Страница 24 из 28
– Нам надо прощаться, но я не знаю, как это сделать… Можно просто сказать «прощай». Но я не могу: я люблю тебя! Твое имя затихнет на моих губах вместе с предсмертным хрипом, что оборвет мою несчастную жизнь. Спасай свою жизнь и мою душу! Забудь меня!
Он двигался, как механическое орудие, хотя на самом деле собрал все свои силы и подчинил той воле, что вершит судьбу человека, предопределяет всю его жизнь. Квинт отдался в волю сил, ему неподвластных. С нечеловеческим усилием поднялся, последний раз бросил взгляд неимоверного внимания ко всему, словно собираясь навечно впитать в себя это утро, этот воздух, это дуновение ветерка, но главное – это нежное существо, преисполненное всего того, о чем можно было только мечтать смертному, не гневя богов. Он исчез так же, как и появился. И ничто не могло сказать, было ли это на самом деле, или это, может, был лишь тревожный сон, навеянный вчерашним неспокойным днем.

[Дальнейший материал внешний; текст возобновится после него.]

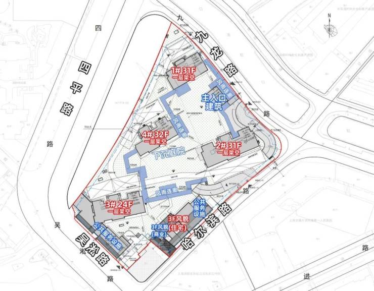 根据设计方案显示,项目拟建4幢24-31层高层住宅以及1幢总高3层的风貌建筑。

Холод… Холод проникал сквозь полуоткрытое окно, будоражил мысли, как полуобнаженная женщина: сковывая робкого, вознося мечтателя, вдохновляя поэта. Холод проникающий, торжествующий, но вместе с тем отмеченный какой-то неведомой грозной силой, навевающей размышления о смерти.
Аврора всегда была деятельной особой и никогда не брезговала претворять в действительность любую свою мысль, что проблескивала у нее в голове, проносилась яркою звездою и скрывалась за серыми тучами привычного. Принять окончательное решение было делом нескольких мгновений: надо действовать и действовать бесповоротно, быстро и без промедления. Каждая секунда все отдаляла и отдаляла Квинта от дома в неведомом направлении: он всегда исчезал так же таинственно, как и появлялся. Долго думать, взвешивать все последствия своих действий было некогда. Нужно сделать выбор. И она его сделала. Победило сердце.
Молодая патрицианка накинула легкий плащ и проворно, по-мальчишески, чего нельзя было ожидать от такой знатной красавицы, спустилась со второго этажа, спрыгнула на устланную зимними цветами землю сада. Ловко обежав все деревья, она вынырнула из растительной чащи, оказавшись недалеко от дома слуг, что следили за состоянием сада и поддерживали его в прекрасном виде – хозяйский глаз любил ухоженность и красоту, а для этого приходилось долго трудиться. Крошечный огонек горел в одном из окон, но сейчас Аврора едва обратила на это внимание. Она вся была поглощена поиском той знакомой еще с детства потайной двери в цветочной стене. Всю стену увил плющ и побеги винограда, которые даже в эту пору года представляли собой красивое зрелище для глаза, но любоваться некогда: надо было найти выход, время стремительно уходило, а вместе с ним – и Квинт. И она может его больше никогда не увидеть! Не услышать звука его голоса, его речей, не увидеть больше его глаз, кудрей, носа – нет, это было недопустимо.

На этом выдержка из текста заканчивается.